Differences between revisions 4 and 7 (spanning 3 versions)

The ultimate goal of the folios project is to turn struct page into:

struct page {
        unsigned long memdesc;
};

Bits 0-3 of memdesc are a type field that describes what the remaining bits are used for.

type	Meaning	Remaining bits
0	Irregular memory	See below
1	Buddy	Pointer to struct buddy
2	File	Pointer to struct folio
3	Anon	Pointer to struct anon_folio
4	KSM	Pointer to struct ksm (TBD)
5	Slab	Pointer to struct slab
6	Movable	Pointer to struct movable (TBD)
7	PageTable	Pointer to struct ptdesc
8	NetPool	Pointer to struct netpool (TBD)
9	HWPoison	Pointer to struct hwpoison (TBD)
10-15	not yet assigned

Irregular memory

Type 0 is used for pages which will never be freed. Bits 4-7 distinguish why this page is irregular:

subtype	Meaning
0	The Zero Page
1	PageReserved
2-15	not yet assigned

Bits 8-13 are also used to store the order of the page. The high bits are used to store section/node/zone information, as is done today with the page flags.

Memdesc pointers

All structs pointed to from a memdesc must be allocated from a slab which has its alignment set to 16 bytes (in order to allow the bottom 4 bits to be used for the type). That implies that they are a multiple of 16 bytes in size. The slab must also have the TYPESAFE_BY_RCU flag set as some page walkers will attempt to look up the memdesc from the page while holding only the RCU read lock.

Other than struct buddy, all memdescs must have a pointer to struct buddy as the first word. See below.

struct buddy

struct buddy {
        unsigned long flags;
        struct list_head buddy_list;
        struct page *first;
};

This is used by the buddy allocator to track free pages. It is also used when the user does not need to store significant auxiliary information. The upper bits of the flags word contains section/node/zone information as page->flags does today. However the lower bits are quite different:

Bits	Meaning
0-3	Subtype
4-9	Order
10-13	Migratetype
14	pfmemalloc
15	Userspace mappable

Subtype	Meaning
0	Free
1	Device driver allocation
2	Vmalloc
3	Guard
4	Offline
5	kmalloc_large
6	PMD-sized Zero Page
7	Exact
8-15	not yet assigned

Allocating memory

Device drivers that do not touch the contents of struct page can continue calling alloc_pages() as they do today. They will get back a struct page pointer which will have a struct buddy memdesc, but they won't care.

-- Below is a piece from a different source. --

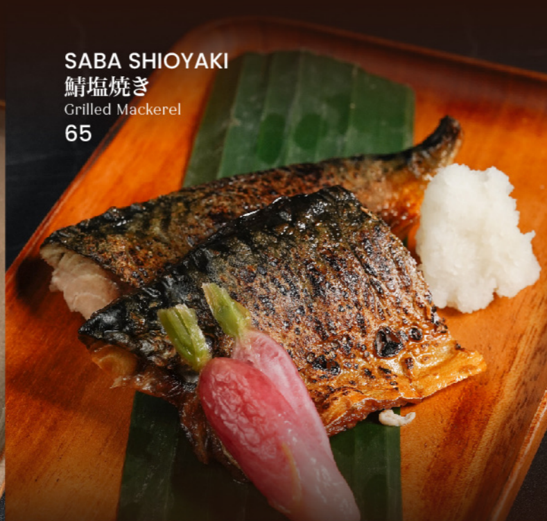
SABA SHIOYAKI 鯖塩焼き Grilled Mackerel 65

We'll add a new buddy_alloc() which will return the buddy memdesc pointer instead. Each allocator can change the subtype from 'Free' to whatever subtype it has.

We'll add a new memdesc_alloc_pages() family which allocate the memory and set each page->memdesc to the passed-in memdesc. So each memdesc allocator will first use slab to allocate a memdesc, then allocate the pages that point to that memdesc. As an optimisation, if sizeof(struct my_memdesc) is <= sizeof(struct buddy), we can avoid allocating a new memdesc and cast the pointer returned from buddy_alloc().

alloc_pages_exact

We'll follow the same approach as today; allocate a buddy of sufficient size, but we'll expose a new primitive buddy_free_tail() which will release the tail pages back to the buddy allocator.

Slab memdesc

There's a minor recursion problem for the slab memdesc. This can be avoided by special-casing the struct slab allocation; any time we need to allocate a new slab for the slab memdesc cache, we _do not_ allocate a struct slab for it; we use the first object in the allocated memory for its own struct slab.

Buddy memdesc

When the page allocator wants to split an order-N page into two lower-order pages, it has to allocate a new buddy. Which comes from the slab allocator. So when allocating a folio, we might see:

Allocate folio memdesc
Folio slab cache has no free objects, allocates a new slab (order 0)
The smallest order that the page allocator has on hand is order-3
Page allocator asks slab for 3 new buddy memdescs (one for each level)
Buddy slab cache has no free objects, allocates a new slab (order 0)
... oh dear ...

Here are a few options for solving it.

When allocating buddy slabs, slab could pass order -1 to the page allocator, which would mean to hand back _any_ order page. Slab would then use the first N objects in the first page to be the buddy memdescs for (in this example) page 1, 2 and 4. Then it would give the extra pages back to the page allocator.
The page allocator could avoid using the slab allocator to allocate buddies. They're 16 byte objects, and it's relatively easy to split a 4kB page into 256 equal pieces. But then the page allocator is duplicating something that slab is good at.
Pass -1 as the order when allocating buddy slabs. Treat it as an order-0 slab and use buddy_free_pages() to free all but the first page. The page allocator will allocate fresh buddies from the slab allocator which will be able to satisfy them.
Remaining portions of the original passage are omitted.